А они ведь даже ни разу не усомнились в его словах, сыграв свои роли с привычной естественностью лицедеев. И платы-то никакой не попросили, наоборот, почли за честь помочь сажескому охотнику. Сегред узнал, что одна из престарелых дам, собирающих медяки на входе, - бывшая чтица, учившаяся некогда в школе для
Сегред перевернулся на спину и всматривался звездное небо, пока не потонул взглядом в мерцающей глубине. В детстве мама говорила ему, что звезды - крошечные серебряные узоры на бархатном покрывале над колыбелькой, что Божественная Праматерь вышила для защиты своего любимого чада - человека. Все было бы хорошо, и остался бы человек в безопасности, но, вопреки недовольству Праматери, Бог-Отец сам приподнял край покрывала и пустил в мир нечистую силу, чтоб подрастающий ребенок поигрался, научился отличать Добро от Зла и укрепился духом. Отец и Мать, уча чадо уму-разуму, долго потом рождались в срединном мире под разными именами, которых сейчас не помнят даже саги. От тех рождений пошли боги. Зло, однако, расплодилось так, что Отец сам был уже не рад, что допустил его к человеку. Вот и пришлось Матери нитями разного цвета вышить внутри человека Дом-Древо для защиты души, с дуплами, в которые боги заглядывали, как в окна и двери. Говорят, когда соберется на земле достаточно закаленных, чистых душ, падет звездный полог, и человек воочию увидит своих Создателей. Еще говорят, что момент этот наступит, когда все народы, живущие под солнцем, соберутся в одно государство, а власть зла достигнет предела. Тогда женщины будут как мужчины, а мужчины подобны женщинам, и люди будут совокупляться, как звери, и убивать друг друга из-за власти и денег. И мертвые смешаются с живыми. Сегред зевнул. Судя по всему, недолго уже ждать - что уже не сбылось, вот-вот сбудется.

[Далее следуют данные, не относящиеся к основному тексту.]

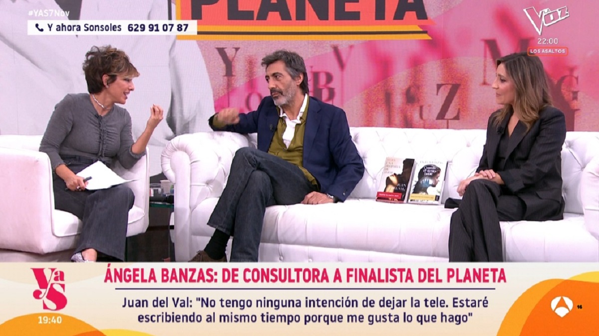 Este viernes, 7 de noviembre, Sonsoles Ónega ha recibido en el plató de 'Y ahora Sonsoles' a Juan del Val y Ángela Banzas, ganador y finalista del Premio Planeta 2025, respectivamente. Mientras que a él es habitual verle en la pequeña pantalla, ella es una gran desconocida para el público, por lo que la presentadora ha querido conocerla un poco más a fondo.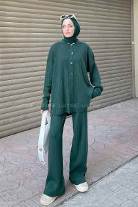 Emerald Green Crew Neck Long Arm Without Accessories Knitwear Regular Trousers Comfortable Suit
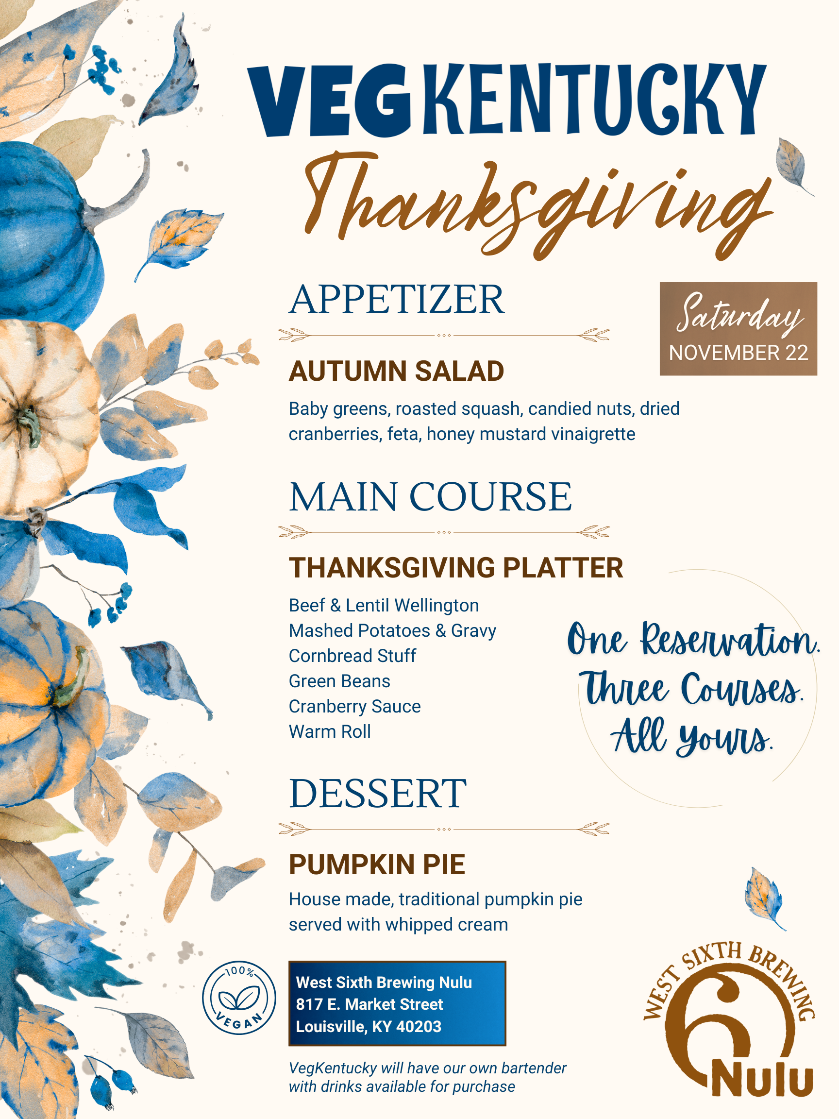 Reserve your plate below, and join us for a festive, plant-based Thanksgiving celebration in the beautiful West Sixth Nulu upstairs event space. Your ticket includes a three-course meal crafted with care — full of seasonal flavors, warmth, and comfort.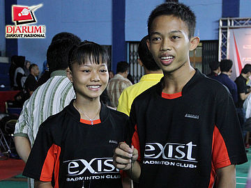 Pemenang ganda campuran remaja dari Exist Jakarta, Fitriani dan Rohmat Ar sedang diwawancara mengenai jalannya pertandingan final yang diadakan di GOR Koni Bandung pada tanggal 26 Mei 2012.

Бран не спал. От него все еще воняло мокрой шерстью - после показательного 'убиения' он долго отмывался в речушке от овечьей крови, катаясь спиной по мелководью. Плотный мех плохо сох даже у костра.

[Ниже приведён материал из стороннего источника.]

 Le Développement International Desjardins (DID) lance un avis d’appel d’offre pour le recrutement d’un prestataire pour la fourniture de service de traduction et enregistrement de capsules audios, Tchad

– Так значит, Толий мертв?
– бросил Сегред, продолжая прерванный сонливостью разговор.
'Мертв. К сожалению. Но не совсем'.
– Как это?
'Бродит по междумирью. Ищет медиума, который согласится дать ему новое тело'.
– Ты-то откуда знаешь?
'Забыл, кто я? Толий не видит меня, не помнит, но я всегда его узнаю, даже мертвым. Я привлекаю его. Он чует мою суть и иногда бродит вокруг. Но силы его слабеют'.

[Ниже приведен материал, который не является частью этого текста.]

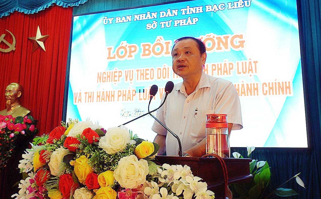 Phát biểu khai giảng lớp bồi dưỡng nghiệp vụ, đồng chí Vưu Nghị Bình - Giám đốc Sở Tư pháp tỉnh Bạc Liêu, cho rằng: Công tác thi hành pháp luật về xử lý vi phạm hành chính trong thời gian qua đã được lãnh đạo các cấp, của ngành trên địa bản tỉnh Bạc Liêu đặc biệt quan tâm chỉ đạo thực hiện, các cơ quan, người có thẩm quyền xử lý vi phạm hành chính thường xuyên tiến hành kiểm tra, thanh tra, xử lý các hành vị vị phạm thuộc phạm vi chức năng quản lý, góp phần đảm bảo trật tự xã hội, tăng cường kỷ cương, nâng cao hiệu lực, hiệu quả trong hoạt động quản lý nhà nước.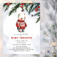 Prepárense para una cálida celebración en anticipación a la llegada de su pequeña con nuestra adorable acuarela Baby Boy Shower Invitation! Decorado con un pingüino adornado con un suéter rojo suave, enclavado entre ramas rústicas de pino con bayas rojas vibrantes, esta invitación desprende un acogedor encanto de invierno, lo que sumerge el escenario en una reunión alegre.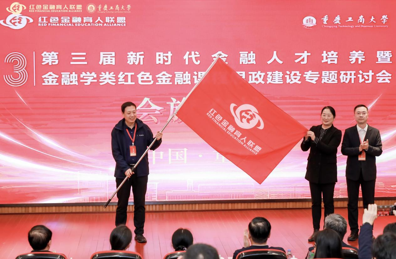 必赢76net线路党委书记曾维伦,红色金融育人联盟主席、北京联合大学党委书记楚国清,重庆市委金融工委专职副主任金勇杰,中国金融教育发展基金会副秘书长王微微,中央财经大学副校长李建军,赣南师范大学副校长甘雅芬共同为南开大学、长春师范大学、江西财经大学、中国人民银行郑州培训学院、中国金融出版社有限公司等14家新增会员新成员单位授牌。

– Ты ведь хотел 'поговорить с ним по душам'. Вот и поговори.
'Не могу. У него сейчас разум размером с медяк, и сосредоточен этот сгусток ненависти и боли на банальной мести. Что он мне расскажет?'
– Я думал, он сам помер.
'Ему помогли. Так часто бывает у тех, кто мнит себя непобедимым'.
– Значит, еще одна ниточка оборвана?
'Значит, оборвана'.
Бран помолчал.
'Я волнуюсь за этих людей. После смерти Толия Перепел сам не свой, что-то не срослось у него с преемником Высшего. Может прийти сюда, чтобы убедиться своими глазами, что я мертв. Он никогда мне по-настоящему не доверял. Нужно уходить'.
– Утром уйдем. Не решатся они искать нас ночью.
'Все равно. Будь начеку'.
К ним, переваливаясь с боку на бок, приблизилась колченогая шутовка с очередной порцией жареного мяса. Днем она была одета в пестрые тряпки, а сейчас выглядела как обычная ората с юга, с головой, закутанной в светлый платок и длинную юбку, прикрывающую кривые ноги. Женщина робко улыбалась, обнажив до самых десен крупные желтые зубы. Сегред вскочил с одеяла, помогая женщине поставить поднос на землю, бормоча, что они уже наелись и зря она столько притащила.